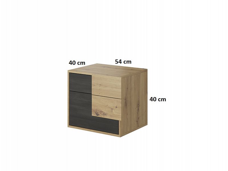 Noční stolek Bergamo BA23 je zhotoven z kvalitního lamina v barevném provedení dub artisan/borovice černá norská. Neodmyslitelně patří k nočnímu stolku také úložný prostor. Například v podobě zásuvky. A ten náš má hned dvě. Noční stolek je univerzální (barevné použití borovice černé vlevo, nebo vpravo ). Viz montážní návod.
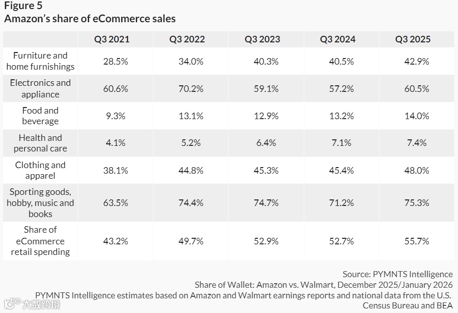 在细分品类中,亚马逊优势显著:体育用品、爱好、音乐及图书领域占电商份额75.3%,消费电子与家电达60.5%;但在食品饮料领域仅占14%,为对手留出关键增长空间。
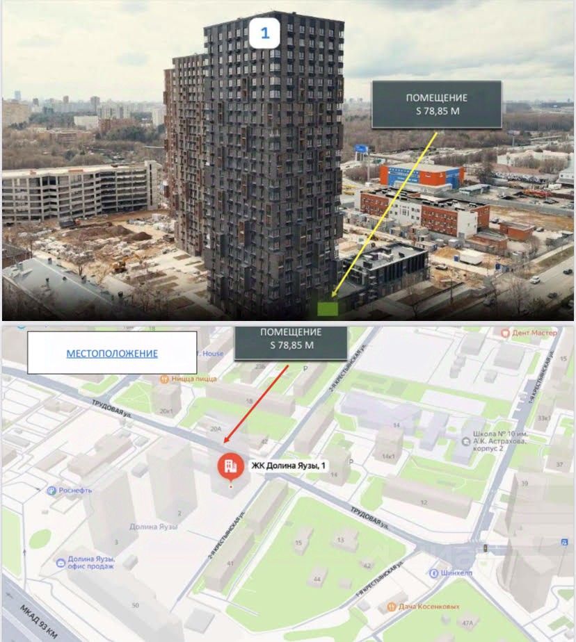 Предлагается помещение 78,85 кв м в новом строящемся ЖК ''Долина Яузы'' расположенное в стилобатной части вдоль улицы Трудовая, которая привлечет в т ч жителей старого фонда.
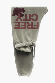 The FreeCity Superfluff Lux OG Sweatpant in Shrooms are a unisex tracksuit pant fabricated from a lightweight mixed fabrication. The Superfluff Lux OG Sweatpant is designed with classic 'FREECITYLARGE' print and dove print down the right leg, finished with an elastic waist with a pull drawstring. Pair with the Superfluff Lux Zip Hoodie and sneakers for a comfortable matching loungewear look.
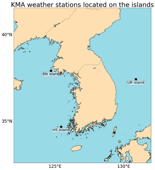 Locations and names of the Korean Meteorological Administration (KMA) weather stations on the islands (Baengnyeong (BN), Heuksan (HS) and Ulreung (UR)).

.....

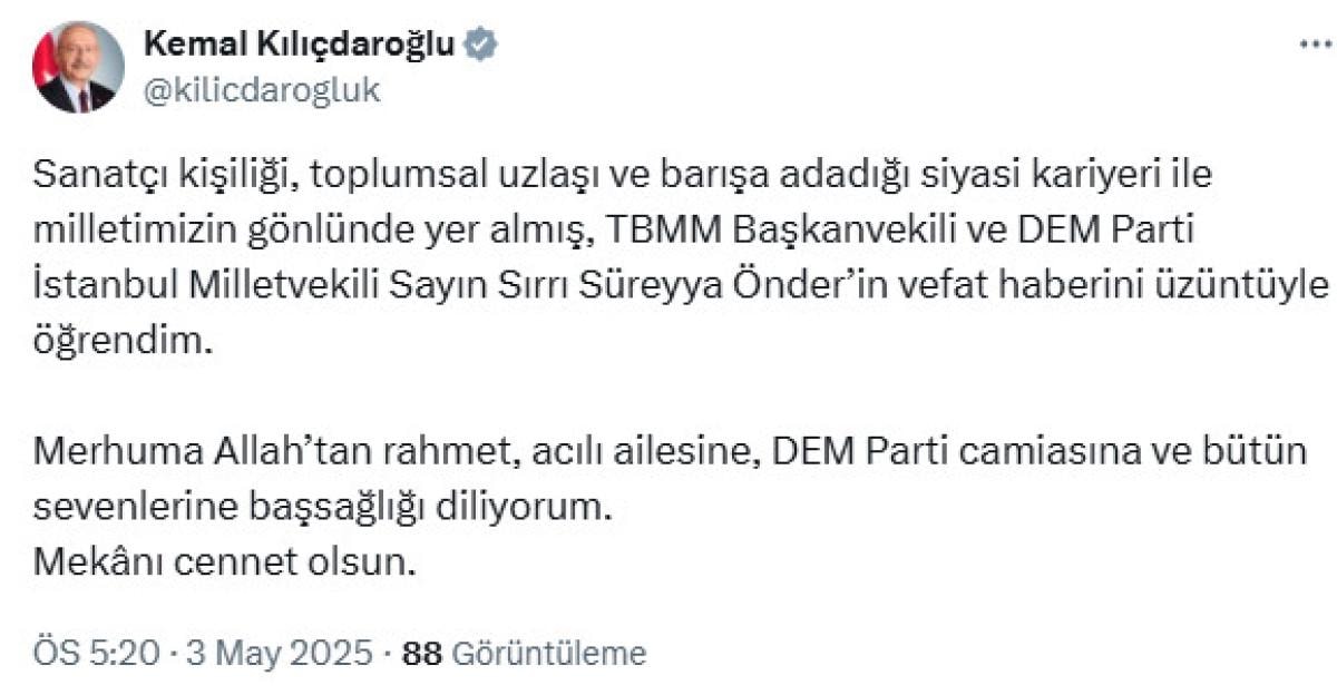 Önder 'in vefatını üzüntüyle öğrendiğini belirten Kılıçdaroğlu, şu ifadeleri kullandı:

.....

### [Work required]
Reproduce the data above exactly, but only from the line containing "在细分品类中,亚马逊优势显著" through the line containing "Предлагается помещение 78,85"; skip the pictures.

### [Problem solution]
 在细分品类中,亚马逊优势显著:体育用品、爱好、音乐及图书领域占电商份额75.3%,消费电子与家电达60.5%;但在食品饮料领域仅占14%,为对手留出关键增长空间。
 Предлагается помещение 78,85 кв м в новом строящемся ЖК ''Долина Яузы'' расположенное в стилобатной части вдоль улицы Трудовая, которая привлечет в т ч жителей старого фонда.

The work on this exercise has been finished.